Dopo la rivoluzione del 1979 l’Iran visse un’inaspettata demonizzazione della musica, da sempre parte integrante del patrimonio culturale nazionale. In pochi mesi si passò dal rigetto della “qarbzadegi” – l’influenza occidentale considerata intossicante – alla proibizione tout court di ogni forma musicale, percepita come veicolo di corruzione morale.
L’avvento della guerra con l’Iraq, nell’autunno del 1980, indusse però i guardiani della Repubblica islamica a rivedere questa rigida impostazione: la musica tradizionale e religiosa venne riammessa per sostenere il morale popolare e alimentare la propaganda di regime. Rimaneva però in bilico il destino della musica classica, priva di testi potenzialmente censurabili ma saldamente ancorata alla tradizione occidentale. Nei decenni successivi essa si è affermata come strumento di protesta silenziosa e coraggiosa, costantemente esposta a revoche e sospensioni dell’autorizzazione alle esecuzioni.

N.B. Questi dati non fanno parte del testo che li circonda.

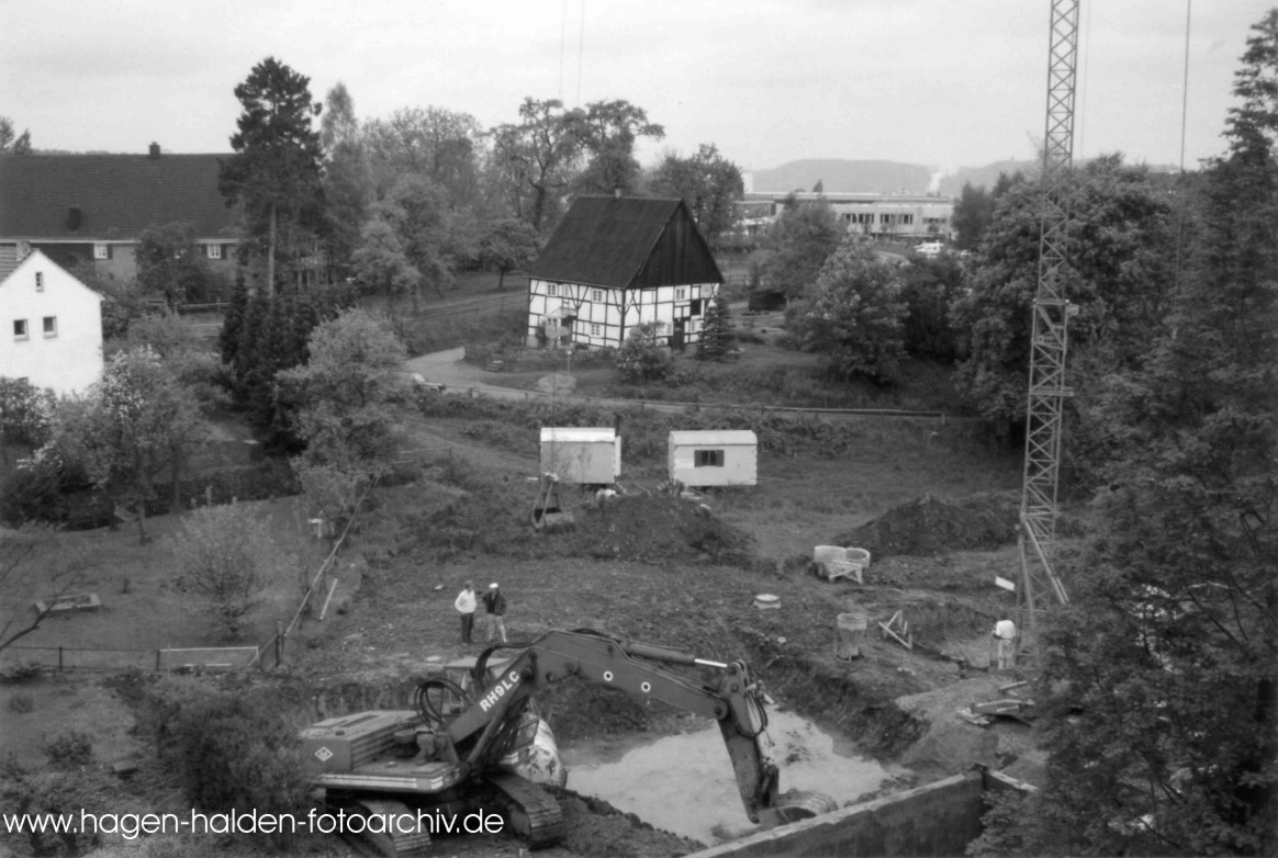 Blick vom Haus Gösselnhof Nr. 2 auf die Bauarbeiten auf dem ehemaligen Grundstück Nr. 3 / links das Haus Nr. 4 und der Hof Rehpenning / in der Mitte neben dem Fachwerkhaus ist die Einfahrt zum Feldmarkweg ( Frühjahr 1994)

Le pesanti sanzioni internazionali trascinarono gli artisti in un mercato clandestino degli strumenti musicali, mentre i concerti venivano organizzati in sale segrete o sotto forma di jam session fuori Teheran, spesso contaminati da sonorità tradizionali. È in questo contesto che, nella metà degli anni Ottanta, Mohammad-Reza Lofti – rifugiatosi a Firenze – si esercitava a pronunciare vocaboli italiani scoprendoli sugli spartiti: “andante”, “allegretto” eccetera.
Intanto a Teheran si sperimentavano nuovi percorsi: si rilanciava la Tazieh, forma artistica tradizionale vicina all’opera lirica, mentre il Barocco di Bach, considerato rivoluzionario come il punk in Occidente, circolava tra appassionati sotto il velo della clandestinità.
Alle radici di questa travagliata vicenda si trovano i tentativi novecenteschi di modernizzazione inaugurati da Nasser Al-Din Shah, che nel XIX secolo commissionò all’occidentale Jean Baptiste Lemaire l’inno “Giovane Iran” e fece costruire un grande teatro dell’opera vicino al Palazzo di Golestan. Nel secolo successivo, durante il regno dei Pahlavi, sorsero l’Orchestra Sinfonica di Teheran (1933), la Tehran Opera Company (1957) e la National Ballet Company (1958), nonché il sontuoso Roudaki Hall, oggi noto come Vahdat Hall.
Proprio in quest’ultima sede, nel marzo 2014, si registrò un’apertura storica: una cantante tornò sul palco in un allestimento di Gianni Schicchi di Puccini con il Teheran Opera Ensemble, figlio della vecchia Opera Company. L’evento coincideva con i primi mesi del governo di Hassan Rouhani, apparso inizialmente favorevole a un’apertura culturale che però si rivelò effimera. Quando nel 2015 la censura tornò a soffocare le esecuzioni, il direttore d’orchestra Ali Rahbari protestò duramente: “Ho detto che ci esibiremo tutti insieme o lasceremo la sala. Finché sarò il direttore di quest’orchestra, non permetterò questo tipo di trattamento”.
Da allora i concerti possono essere annullati anche pochi minuti prima dell’inizio, ma il pubblico non viene meno: la passione per la musica classica, assimilata come qualsiasi altra forma artistica, si nutre di quella tensione tra proibizione e desiderio di partecipazione. Manifestazioni come il Fajr International Music Festival e ospiti internazionali – dalla Fondazione del Festival Pucciniano nel 2017 al concerto di Riccardo Muti con il progetto “Road of Friendship” – confermano l’attrazione globale verso un repertorio che in Iran ha trovato un doppio registro: strumento di propaganda, ma anche cassa di risonanza di un malessere civile, dove le note diventano linguaggio di libertà.